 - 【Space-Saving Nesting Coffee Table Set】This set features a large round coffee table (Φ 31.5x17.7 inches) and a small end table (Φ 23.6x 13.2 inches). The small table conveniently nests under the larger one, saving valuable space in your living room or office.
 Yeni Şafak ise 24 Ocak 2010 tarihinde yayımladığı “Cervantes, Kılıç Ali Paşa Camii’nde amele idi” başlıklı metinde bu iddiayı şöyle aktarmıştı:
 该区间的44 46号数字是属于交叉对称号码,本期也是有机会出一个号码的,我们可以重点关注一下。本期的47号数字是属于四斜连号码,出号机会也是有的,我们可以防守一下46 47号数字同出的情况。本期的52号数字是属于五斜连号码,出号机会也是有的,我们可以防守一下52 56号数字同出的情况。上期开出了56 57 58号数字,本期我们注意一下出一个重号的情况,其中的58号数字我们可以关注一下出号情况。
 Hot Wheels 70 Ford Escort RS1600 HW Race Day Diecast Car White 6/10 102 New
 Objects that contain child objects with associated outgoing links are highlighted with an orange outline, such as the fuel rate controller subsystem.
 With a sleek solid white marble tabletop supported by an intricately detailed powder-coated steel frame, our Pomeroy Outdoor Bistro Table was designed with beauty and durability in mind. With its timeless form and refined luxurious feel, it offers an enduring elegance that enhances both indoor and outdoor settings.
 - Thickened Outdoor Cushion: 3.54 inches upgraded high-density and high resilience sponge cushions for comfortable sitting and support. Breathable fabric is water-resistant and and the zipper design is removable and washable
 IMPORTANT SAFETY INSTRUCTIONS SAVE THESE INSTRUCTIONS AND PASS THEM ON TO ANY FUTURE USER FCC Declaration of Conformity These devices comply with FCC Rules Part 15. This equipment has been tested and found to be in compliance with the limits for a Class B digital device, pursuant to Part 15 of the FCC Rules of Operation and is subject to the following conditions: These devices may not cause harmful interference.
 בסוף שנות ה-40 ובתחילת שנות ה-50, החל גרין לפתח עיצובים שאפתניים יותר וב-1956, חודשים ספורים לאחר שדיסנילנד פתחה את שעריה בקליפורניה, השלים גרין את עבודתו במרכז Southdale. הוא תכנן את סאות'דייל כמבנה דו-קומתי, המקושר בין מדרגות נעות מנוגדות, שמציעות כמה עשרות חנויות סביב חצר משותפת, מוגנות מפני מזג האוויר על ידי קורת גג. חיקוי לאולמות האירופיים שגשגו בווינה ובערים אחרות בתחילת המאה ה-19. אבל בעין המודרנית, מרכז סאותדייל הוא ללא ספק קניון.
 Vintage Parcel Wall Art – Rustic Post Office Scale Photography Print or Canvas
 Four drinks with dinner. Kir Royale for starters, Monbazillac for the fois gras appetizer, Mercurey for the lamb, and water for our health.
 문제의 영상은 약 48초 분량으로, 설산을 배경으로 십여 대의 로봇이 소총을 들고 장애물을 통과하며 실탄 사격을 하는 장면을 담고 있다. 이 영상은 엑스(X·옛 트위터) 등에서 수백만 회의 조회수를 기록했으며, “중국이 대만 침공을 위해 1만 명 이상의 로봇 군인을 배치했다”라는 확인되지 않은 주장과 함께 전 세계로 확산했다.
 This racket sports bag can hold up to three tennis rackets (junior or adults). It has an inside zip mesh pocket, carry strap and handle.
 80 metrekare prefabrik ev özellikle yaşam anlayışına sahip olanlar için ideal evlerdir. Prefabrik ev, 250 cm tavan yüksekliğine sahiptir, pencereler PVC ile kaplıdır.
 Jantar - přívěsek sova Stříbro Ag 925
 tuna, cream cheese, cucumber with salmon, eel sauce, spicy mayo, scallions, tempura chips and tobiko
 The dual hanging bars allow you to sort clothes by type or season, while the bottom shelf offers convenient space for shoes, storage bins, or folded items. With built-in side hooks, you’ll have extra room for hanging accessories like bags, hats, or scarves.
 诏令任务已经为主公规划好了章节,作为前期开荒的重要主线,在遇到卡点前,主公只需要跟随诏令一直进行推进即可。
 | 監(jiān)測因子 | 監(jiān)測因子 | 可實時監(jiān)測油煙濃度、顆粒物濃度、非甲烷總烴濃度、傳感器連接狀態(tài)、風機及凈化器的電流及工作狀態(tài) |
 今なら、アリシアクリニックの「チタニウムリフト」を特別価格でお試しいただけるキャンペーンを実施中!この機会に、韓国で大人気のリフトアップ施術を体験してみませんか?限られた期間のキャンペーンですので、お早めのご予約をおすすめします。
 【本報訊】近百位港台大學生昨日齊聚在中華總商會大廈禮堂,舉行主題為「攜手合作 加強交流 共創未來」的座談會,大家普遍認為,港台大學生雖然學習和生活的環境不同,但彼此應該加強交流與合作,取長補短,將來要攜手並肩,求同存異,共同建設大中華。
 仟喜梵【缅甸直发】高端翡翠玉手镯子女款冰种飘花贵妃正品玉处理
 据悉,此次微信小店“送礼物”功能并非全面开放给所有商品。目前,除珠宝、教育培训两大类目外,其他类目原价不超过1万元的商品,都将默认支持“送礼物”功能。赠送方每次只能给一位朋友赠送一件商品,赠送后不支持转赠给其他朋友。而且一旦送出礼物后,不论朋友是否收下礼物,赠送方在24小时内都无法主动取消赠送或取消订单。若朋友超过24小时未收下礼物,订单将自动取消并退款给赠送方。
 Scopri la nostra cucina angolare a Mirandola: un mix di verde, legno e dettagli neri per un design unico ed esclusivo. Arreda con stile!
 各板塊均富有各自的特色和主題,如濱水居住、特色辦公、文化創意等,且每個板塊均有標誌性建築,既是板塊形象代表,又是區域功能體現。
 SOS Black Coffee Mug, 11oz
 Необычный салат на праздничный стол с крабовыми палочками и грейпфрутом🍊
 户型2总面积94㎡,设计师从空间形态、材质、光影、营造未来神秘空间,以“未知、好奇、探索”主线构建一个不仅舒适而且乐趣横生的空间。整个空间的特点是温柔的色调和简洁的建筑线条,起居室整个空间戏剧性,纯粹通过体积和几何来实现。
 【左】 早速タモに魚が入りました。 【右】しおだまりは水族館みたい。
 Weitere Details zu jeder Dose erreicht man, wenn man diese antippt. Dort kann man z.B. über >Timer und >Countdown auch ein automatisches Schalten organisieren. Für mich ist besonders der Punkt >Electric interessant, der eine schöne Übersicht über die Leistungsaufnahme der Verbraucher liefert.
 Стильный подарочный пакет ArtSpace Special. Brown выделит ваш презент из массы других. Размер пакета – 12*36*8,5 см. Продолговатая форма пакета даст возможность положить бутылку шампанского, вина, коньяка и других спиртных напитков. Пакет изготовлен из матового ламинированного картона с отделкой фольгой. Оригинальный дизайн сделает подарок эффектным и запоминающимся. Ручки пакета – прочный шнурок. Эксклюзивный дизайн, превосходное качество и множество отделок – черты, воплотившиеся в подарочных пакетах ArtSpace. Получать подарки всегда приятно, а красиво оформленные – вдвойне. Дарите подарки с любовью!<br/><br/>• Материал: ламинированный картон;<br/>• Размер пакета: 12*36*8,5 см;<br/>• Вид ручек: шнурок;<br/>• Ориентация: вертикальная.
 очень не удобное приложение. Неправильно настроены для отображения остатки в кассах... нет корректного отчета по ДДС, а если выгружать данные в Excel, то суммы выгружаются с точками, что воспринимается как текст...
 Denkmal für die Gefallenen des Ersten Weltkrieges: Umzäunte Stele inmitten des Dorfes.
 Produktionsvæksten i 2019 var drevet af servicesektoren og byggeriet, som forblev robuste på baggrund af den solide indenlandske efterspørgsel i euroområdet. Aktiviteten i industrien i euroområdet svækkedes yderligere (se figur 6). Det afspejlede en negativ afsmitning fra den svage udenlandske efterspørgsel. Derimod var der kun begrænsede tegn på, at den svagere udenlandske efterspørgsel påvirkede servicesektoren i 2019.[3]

★ ★ ★ ★ ★

▶ TASK DESCRIPTION: Scan the entries above for the line containing "The dual hanging", and copy it and all lines after it exactly, down to and including the line containing "今なら、アリシアクリニックの".

▶ RESPONSE TO THE EXERCISE:
 The dual hanging bars allow you to sort clothes by type or season, while the bottom shelf offers convenient space for shoes, storage bins, or folded items. With built-in side hooks, you’ll have extra room for hanging accessories like bags, hats, or scarves.
 诏令任务已经为主公规划好了章节,作为前期开荒的重要主线,在遇到卡点前,主公只需要跟随诏令一直进行推进即可。
 | 監(jiān)測因子 | 監(jiān)測因子 | 可實時監(jiān)測油煙濃度、顆粒物濃度、非甲烷總烴濃度、傳感器連接狀態(tài)、風機及凈化器的電流及工作狀態(tài) |
 今なら、アリシアクリニックの「チタニウムリフト」を特別価格でお試しいただけるキャンペーンを実施中!この機会に、韓国で大人気のリフトアップ施術を体験してみませんか?限られた期間のキャンペーンですので、お早めのご予約をおすすめします。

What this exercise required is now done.